Development and validation of a multiclass LC-MS/MS method for the analysis of cyanotoxins

Abstract

Cyanobacteria are prokaryotic organisms that can form large monospecific blooms, which pose a risk to human and animal health as some species produce toxic secondary metabolites called cyanotoxins. Multiclass cyanotoxin analysis is challenging due to varying chemical and physical properties between classes, as well as potentially large numbers of analogues within each class. Incorporating anatoxins (ATXs) into multiclass methods can be particularly challenging due to their small molecular size, potential interferences, polarity, and a lack of chemical standards for most analogues. Here, we present the development of a multiclass LC–MS/MS method and a quantitative calibration solution for aetokthonotoxin (AETX), an emerging cyanotoxin linked to mass mortalities of bald eagles in the Eastern United States.

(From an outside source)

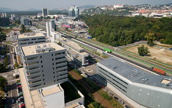 Although the Tatra City is officially in Černyševského Street it has much more to do with parallel ongoing Einstein's Street, partly identical with the Petržalka stage of the D1 motorway. The location on the interface of the old and the modern zone (elevated road of Jantárová cesta) became a real trump card in a sleeve of the developer. The architecture of „a compact block on a non-compact territory“ (in terms of professional characteristics of Imro Vašek) corresponds to the new as well as the panel residual substance, really unobtrusive.

The developed method is capable of detecting 17 microcystins (MCs), nodularin-R, three cylindrospermopsins (CYNs), AETX, and 17 ATXs, including recently tentatively identified 10-hydroxy analogues. Analytes were identified by retention time and product ion ratio matching with available standards. The method was evaluated with respect to limits of detection (LODs), linear range, accuracy, and precision using neat and matrix matched standards. LODs in wet cyanobacterial biofilms ranged from 0.14 ng/g for CYN to 2.8 ng/g for [Dha7]MC-LR with accuracies ranging from 65% for [Leu1]MC-LY to 116% for CYN. Finally, the method’s application was demonstrated through analysis of cyanobacterial field samples, a dietary supplement matrix reference material, and passive sampler extracts to assess versatility within different matrices.